> [Problem description]
Starting at the line where "Revêtement léger pour" occurs, reproduce each line through the end of the entries below exactly. Omit every picture.

> [Supplied entries]
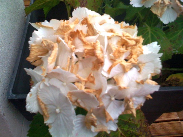 nouveau sur ce site, je cherche des conseils concernant mon orthensia; acheté récemment, planté dans de la terre de bruyère, il a très bien fleuri et tout d'un coup s'est mis à faner: les fleurs sont devenues marrons sur les bords et les feuilles aussi (cf. photos).
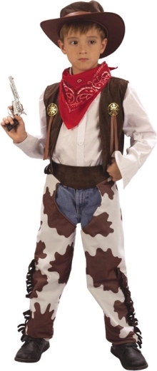 Stilfuld cowboy-kostume til børn i højden 120–130 cm forvandler enhver lille eventyrer til en helt fra Det Vilde Vesten. Indeholder alt det væsentlige for et autentisk look: vest, chaps, tørklæde og hat. Ideel til karneval, maskebal eller temafester.
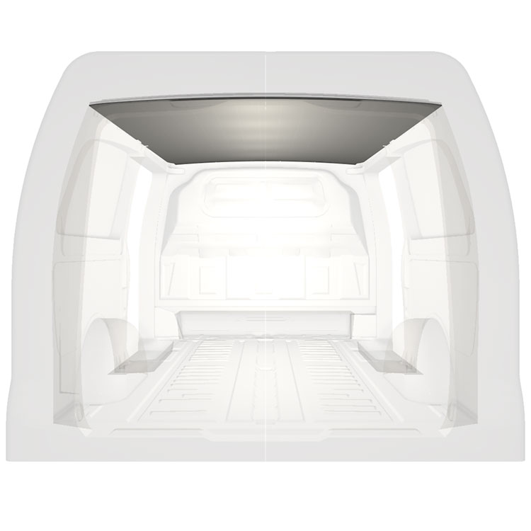 Revêtement léger pour toit d’une Mercedes Vito. Le revêtement de toit créera une finition de travail lumineuse à l'intérieur et un environnement professionnel convivial.
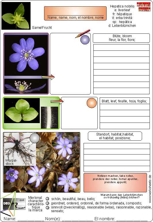 Steckbrief Leberblümchen, Hepatica nobilis, liverleaf, hépatique, erba trinità, (la flor hepática) Arbeitsblatt zur Differenzierung - Mit Videoclip, Büchern und Internet die Eigenschaften selbst entdecken
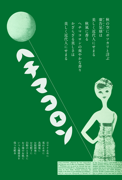 戦い疲れたら、見上げてごらん。ほらね。ノー天気で気まぐれな秋の空は、心を空っぽにしてくれる。後はハッピーな想いで満たせばいい。星の瞬きに癒やされてもいい、月に慰められてもいい、元気なアドバルーンに励まされてもいい・・・。この懐かしい誌面には「秋の空にポッカリ浮かぶ廣告氣球(アドバルーン)は・・・秋風に香るヘチマコロンの爽やかな香り かざらざる美しさは 美しく近代人にせまる」と。今を生きる、かざらないあなたに寄り添うヘチマコロンがあります。あなたとお肌が、ずっとずっと美しく元気でありますように。さあ、明日もがんばろう!

> [Response area]
 Revêtement léger pour toit d’une Mercedes Vito. Le revêtement de toit créera une finition de travail lumineuse à l'intérieur et un environnement professionnel convivial.
 Steckbrief Leberblümchen, Hepatica nobilis, liverleaf, hépatique, erba trinità, (la flor hepática) Arbeitsblatt zur Differenzierung - Mit Videoclip, Büchern und Internet die Eigenschaften selbst entdecken
 戦い疲れたら、見上げてごらん。ほらね。ノー天気で気まぐれな秋の空は、心を空っぽにしてくれる。後はハッピーな想いで満たせばいい。星の瞬きに癒やされてもいい、月に慰められてもいい、元気なアドバルーンに励まされてもいい・・・。この懐かしい誌面には「秋の空にポッカリ浮かぶ廣告氣球(アドバルーン)は・・・秋風に香るヘチマコロンの爽やかな香り かざらざる美しさは 美しく近代人にせまる」と。今を生きる、かざらないあなたに寄り添うヘチマコロンがあります。あなたとお肌が、ずっとずっと美しく元気でありますように。さあ、明日もがんばろう!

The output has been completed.